Background Patients with high blood pressure (hypertension) in the community frequently fail to meet treatment goals: a condition labelled as ‘uncontrolled’ hypertension. The optimal way to organise and deliver care to hypertensive patients has not been clearly identified.
Aim To determine the effectiveness of interventions to improve control of blood pressure in patients with hypertension.
Design of study Systematic review of randomised controlled trials.
Setting Primary and ambulatory care.
Method Interventions were categorised as following: self-monitoring; educational interventions directed to the patient; educational interventions directed to the health professional; health professional- (nurse or pharmacist) led care; organisational interventions that aimed to improve the delivery of care; and appointment reminder systems. Outcomes assessed were mean systolic and diastolic blood pressure, control of blood pressure and proportion of patients followed up at clinic.
Results Seventy-two RCTs met the inclusion criteria. The trials showed a wide variety of methodological quality. Self-monitoring was associated with net reductions in systolic blood pressure (weighted mean difference [WMD] −2.5mmHg, 95%CI = −3.7 to −1.3 mmHg) and diastolic blood pressure (WMD −1.8mmHg, 95%CI = −2.4 to −1.2 mmHg). An organised system of regular review allied to vigorous antihypertensive drug therapy was shown to reduce blood pressure and all-cause mortality in a single large randomised controlled trial.
Conclusion Antihypertensive drug therapy should be implemented by means of a vigorous stepped care approach when patients do not reach target blood pressure levels. Self-monitoring is a useful adjunct to care while reminder systems and nurse/pharmacist -led care require further evaluation.

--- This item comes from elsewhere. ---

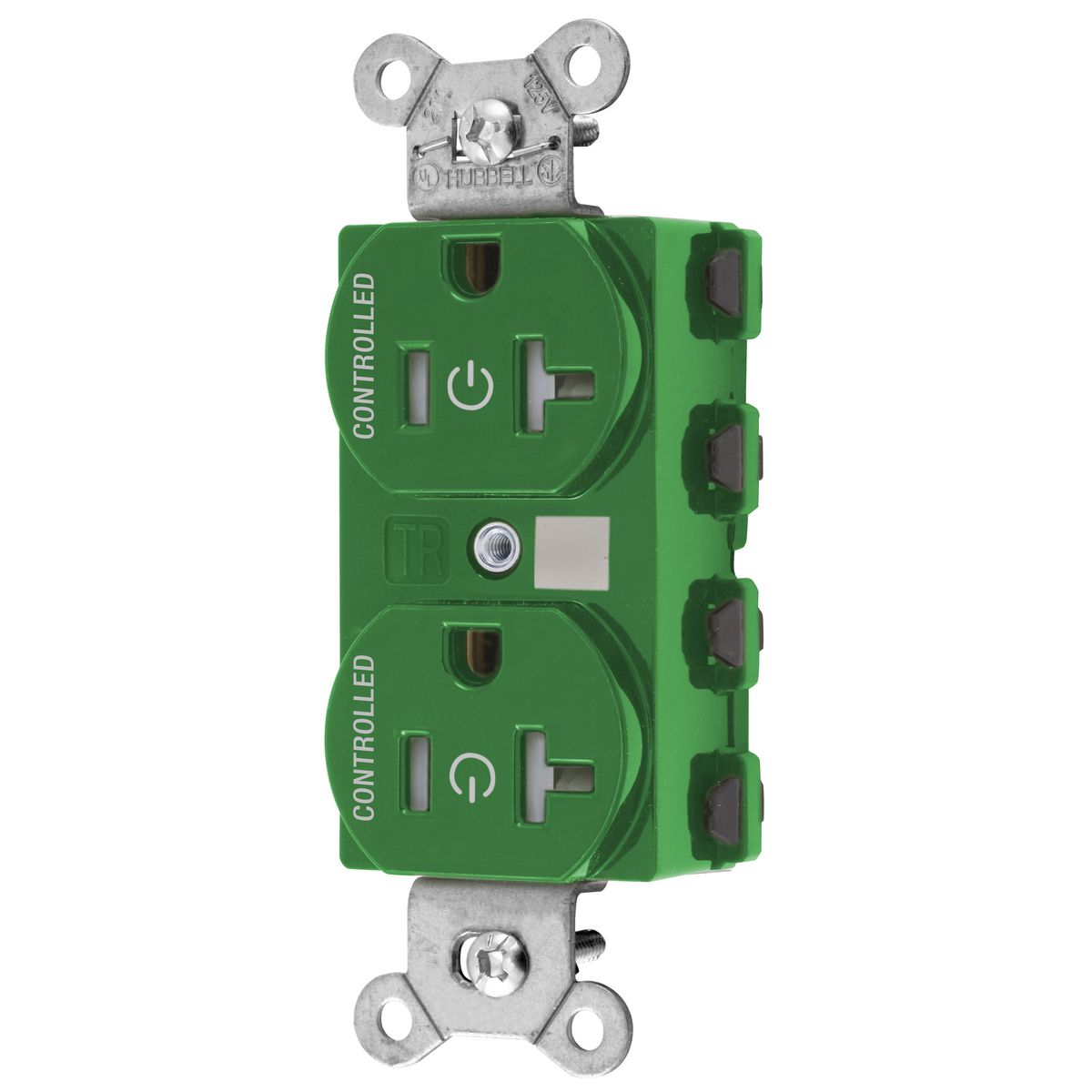 HUBBELL WIRING DEVICE-KELLEMS SNAP5362C2GNTRA Straight Receptacle, 20A 125V, 2-Pole 3-Wire Grounding, 5-20R, Nylon, Green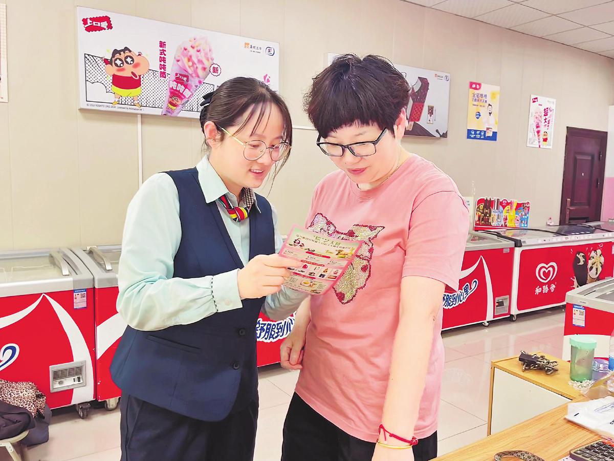 沈麗為客戶介紹理財(cái)產(chǎn)品。

Hypertension is largely managed in primary care and is an important public health problem in terms of associated stroke and cardiovascular events. It is mostly of unknown aetiology, easy to diagnose, and readily preventable by blood pressure reduction. Extensive epidemiological data have strengthened the well-recognised relationship between blood pressure and risk of cardiovascular disease, and have confirmed the importance of systolic blood pressure as a determinant of risk.1 However, blood pressure goals are achieved in only 25–40% of the patients who take antihypertensive drug treatment,2,3 which is something that has remained unchanged for the last 40 years.4
Use of self-monitoring of blood pressure by patients and professionals has gained popularity and is now recommended in particular patients in certain national and international guidelines; a recent meta-analysis of randomised trials on the subject did suggested a benefit in terms of mean blood pressure and blood pressure control.5 This systematic review aims to update and build upon previous reviews,6,7 by summarising the evidence from randomised controlled trials (RCTs) that evaluate non-pharmacological interventions to improve the management of hypertension in primary care.
How this fits in
The majority of patients with hypertension who take blood pressure medication fail to reach treatment goals. There is a strong evidence base for the benefits of antihypertensive drug therapy, but there is a lack of clarity on how to organise and deliver care for patients with hypertension in the community. This systematic review of 72 randomised controlled trials shows that self-monitoring leads to a significant decline in systolic and diastolic blood pressure and, as such, may be a useful adjunct to care and is likely to lead to a reduction in cardiovascular events. An organised system of regular review allied to vigorous antihypertensive drug therapy was shown to reduce blood pressure and allcause mortality. Nurse- or pharmacist-led care and appointment-reminder systems may be a promising way of improving blood pressure control, but require further evaluation.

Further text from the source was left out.